:: TASK STATEMENT ::
The copy should hold only the line containing "The 3175 fittings" and the lines after it through the end of the material, each exact, with no pictures.

:: DATA BLOCK ::
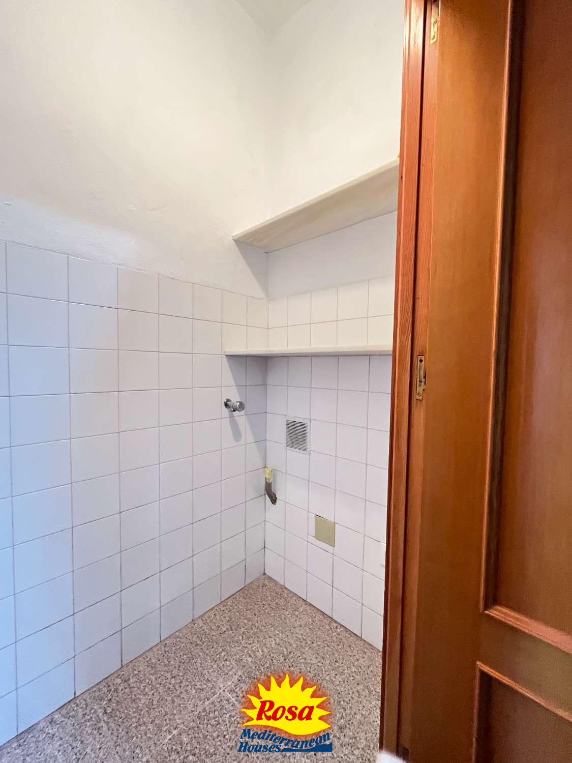 Erdgeschoss: Helles und geräumiges Wohnzimmer, 1 Schlafzimmer, Badezimmer mit Dusche (neu) sowie eine große, separate und unmöblierte Küche mit Speisekammer, Innenhof und Hauswirtschaftsbereich.
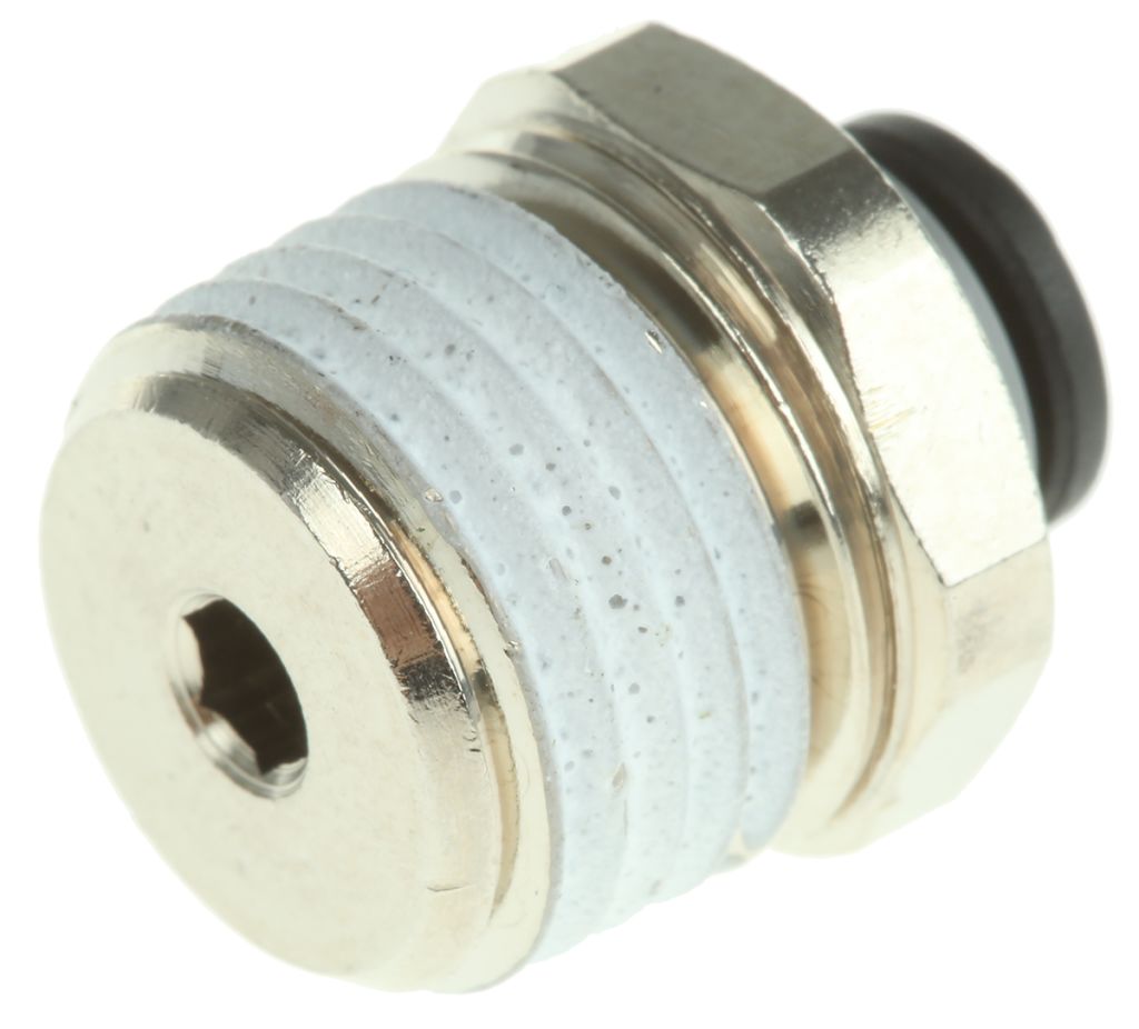 The 3175 fittings allow plastic pneumatic tubing to be connected to threaded ports. They can be tightened with a socket wrench or adjusted using an Allen key internally.
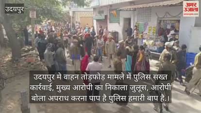 उदयपुर में वाहन तोड़फोड़ मामले में पुलिस ने गुरुवार को सख्त कार्रवाई की। जिसमें मुख्य आरोपी का जुलूस निकाला। जुलूस के दौरान आरोपी बोलता दिखा की अपराध करना पाप है पुलिस हमारी बाप है। आरोपी के जुलूस देखने सैकड़ों की संख्या में लोग एकत्रित हो गए, और पुलिस की इस कार्यवाही पर जिंदाबाद के नारे लगाते नजर आये।
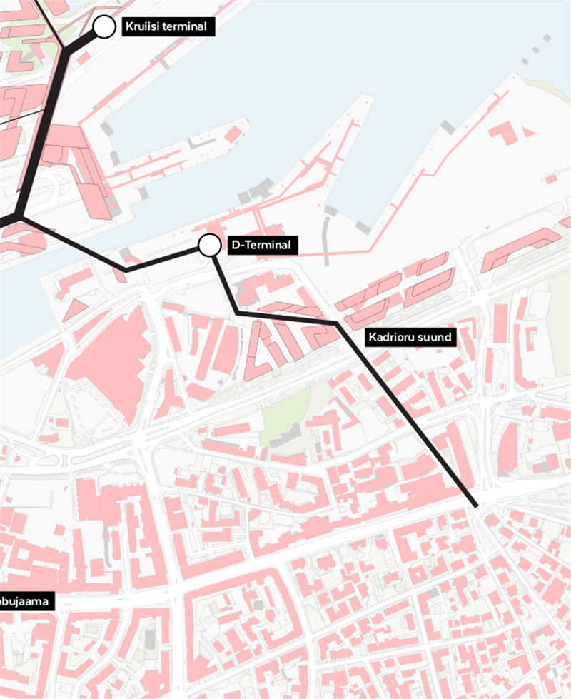 Uus-Sadama tänav ühendas juba XVIII sajandil sadamat Kadrioruga. Seda sihti mööda kulges veejuhe ja hiljem kitsarööpmeline raudtee. Praegu on see tee piirdeaiaga katkestatud. Selle taasavamisel väheneks tee pikkus D-terminalist Kadriorgu 600 meetrile ja annaks võimaluse see vahemaa mugavalt jalgsi läbida.

:: FINISHED EXERCISE ::
 The 3175 fittings allow plastic pneumatic tubing to be connected to threaded ports. They can be tightened with a socket wrench or adjusted using an Allen key internally.
 उदयपुर में वाहन तोड़फोड़ मामले में पुलिस ने गुरुवार को सख्त कार्रवाई की। जिसमें मुख्य आरोपी का जुलूस निकाला। जुलूस के दौरान आरोपी बोलता दिखा की अपराध करना पाप है पुलिस हमारी बाप है। आरोपी के जुलूस देखने सैकड़ों की संख्या में लोग एकत्रित हो गए, और पुलिस की इस कार्यवाही पर जिंदाबाद के नारे लगाते नजर आये।
 Uus-Sadama tänav ühendas juba XVIII sajandil sadamat Kadrioruga. Seda sihti mööda kulges veejuhe ja hiljem kitsarööpmeline raudtee. Praegu on see tee piirdeaiaga katkestatud. Selle taasavamisel väheneks tee pikkus D-terminalist Kadriorgu 600 meetrile ja annaks võimaluse see vahemaa mugavalt jalgsi läbida.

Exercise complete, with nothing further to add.